WHAT IS BEING ASKED:
The output is the lines below from the one with "Спальня, смотрящая окнами" through the one with "Oplev Venedig som", both included, printed exactly and with no other line.

START RECORD EXCERPTS

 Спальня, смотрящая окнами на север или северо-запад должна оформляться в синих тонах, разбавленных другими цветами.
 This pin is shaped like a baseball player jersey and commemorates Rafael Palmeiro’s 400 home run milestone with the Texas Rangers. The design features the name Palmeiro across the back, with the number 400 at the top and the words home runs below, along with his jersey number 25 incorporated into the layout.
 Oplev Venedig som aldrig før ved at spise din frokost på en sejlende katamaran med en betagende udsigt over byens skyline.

END RECORD EXCERPTS
START RECORD EXCERPTS

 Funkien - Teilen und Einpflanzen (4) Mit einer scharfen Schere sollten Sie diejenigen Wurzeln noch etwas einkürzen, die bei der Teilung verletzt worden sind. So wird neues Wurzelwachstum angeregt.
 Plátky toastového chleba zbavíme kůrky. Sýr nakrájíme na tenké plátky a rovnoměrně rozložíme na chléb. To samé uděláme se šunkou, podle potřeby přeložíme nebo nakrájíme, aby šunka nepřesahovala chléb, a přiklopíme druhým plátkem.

END RECORD EXCERPTS

SOLUTION BELOW:
 Спальня, смотрящая окнами на север или северо-запад должна оформляться в синих тонах, разбавленных другими цветами.
 This pin is shaped like a baseball player jersey and commemorates Rafael Palmeiro’s 400 home run milestone with the Texas Rangers. The design features the name Palmeiro across the back, with the number 400 at the top and the words home runs below, along with his jersey number 25 incorporated into the layout.
 Oplev Venedig som aldrig før ved at spise din frokost på en sejlende katamaran med en betagende udsigt over byens skyline.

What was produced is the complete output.